Ms Dugdale said Holyrood should “risk upsetting the millionaires and risk asking the wealthiest to pay a bit more”, at a Scottish Parliamentary Journalists Association event in Edinburgh.

READ MORE: Kezia Dugdale: ‘SNP job claims make me dirty tricks campaign victim’

“The Panama Papers speak to a wider sense of public anger that we haven’t seen since the MPs’ expenses’ crisis, in the sense that there is the establishment for which there is a different set of rules from everybody else,” she said.

“I’m fed-up with politicians - particularly in the SNP and the Tory party - making excuses and accepting that rich people do not pay their tax while the rest of us have to suck it up.

“I utterly refute the argument about the rich in Scotland being able to avoid their tax simply by allocating their residency in Berwick.

“HMRC are making it harder for people to move their tax liability.

“Look at the types of people in Scotland who earn over £150,000 a year.

“Take, for example, the leader of a social work department in a big council authority that earns over that amount, that person could go live in Berwick but there is still a £150,000 job sitting at Glasgow City Council. Some of these jobs physically can’t move.”

She added: “Nicola’s weakest point in this election is using Tory arguments to make excuses for why rich people shouldn’t pay their taxes, given a year ago she supported a 50p tax rate.

“The SNP are using the same type of scare tactics that they have accused others of in the past.

“It’s the type of old politics that Nicola Sturgeon used to rally against. At last year’s general election, the people of Scotland gave the establishment a kicking. That is clear and my party is learning the lessons of that.

“Now, I think Nicola Sturgeon risks becoming that establishment. She represents that old establishment politics that takes money from the likes of Brian Souter and doesn’t ask them to pay a penny more in tax.
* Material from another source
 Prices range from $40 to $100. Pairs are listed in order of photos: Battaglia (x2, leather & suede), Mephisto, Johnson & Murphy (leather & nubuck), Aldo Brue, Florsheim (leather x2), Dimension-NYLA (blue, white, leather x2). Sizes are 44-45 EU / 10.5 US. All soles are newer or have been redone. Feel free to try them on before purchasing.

“It makes Tory arguments against levying a 50p tax rate on the richest people.

“That old establishment politics that makes false claims about the impact of our plans on pensioners and low income families when it comes to the use of the basic rate.”
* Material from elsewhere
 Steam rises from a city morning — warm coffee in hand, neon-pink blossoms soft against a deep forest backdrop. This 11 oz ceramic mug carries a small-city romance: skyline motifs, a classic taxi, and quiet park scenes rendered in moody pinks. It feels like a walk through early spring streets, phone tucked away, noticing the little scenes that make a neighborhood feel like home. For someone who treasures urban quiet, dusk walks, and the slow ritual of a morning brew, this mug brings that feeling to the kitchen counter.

READ MORE: Kezia Dugdale: Tax is the defining Holyrood election issue

The Conservatives have made a concerted effort to beat Labour into third place at the Scottish election but Ms Dugdale said they are standing on a false prospectus.

“Ruth Davidson is trying to occupy the ground in this election which says that she opposes tax rises and that ‘somebody has got to stand up for the middle classes’,” she said.

“But she represents three policies which are inherently stealth taxes: prescriptions charges which is a tax on ill health, tuition fees which is a tax on aspiration, and the bedroom tax which is a tax on disabled people.”